Source material —
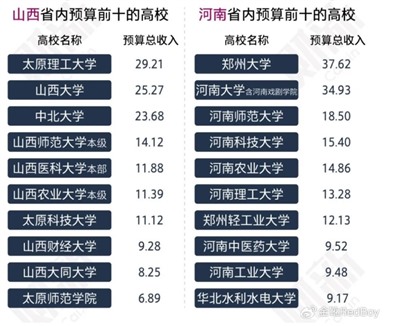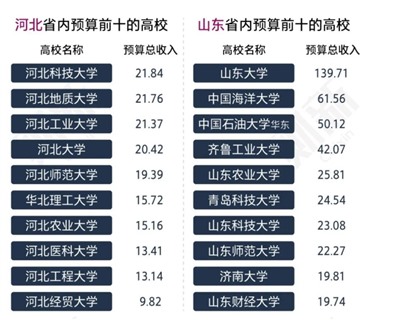 而河北、河南、山西领域内所有高校预算经费均低于四十亿元,未有任何一所高校经费跻身全国前五十。
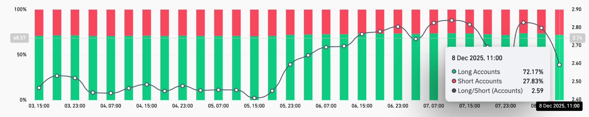 XRP: Long/short accounts on Binance. Source: CoinGlass
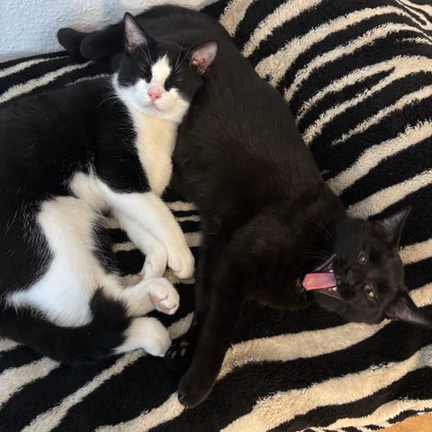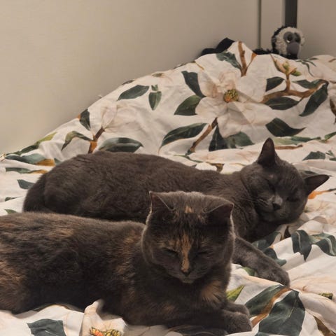 Båda katterna gillar att busa och har varit innekatter hela sina liv. Extremt trevliga katter överlag. Dom äter båda Friskis just nu.

Task to complete —
The range to set down runs from the line containing "XRP: Long/short accounts" through the final line of the data, both ends included; give it exactly and drop the pictures.

Answer for the task —
 XRP: Long/short accounts on Binance. Source: CoinGlass
 Båda katterna gillar att busa och har varit innekatter hela sina liv. Extremt trevliga katter överlag. Dom äter båda Friskis just nu.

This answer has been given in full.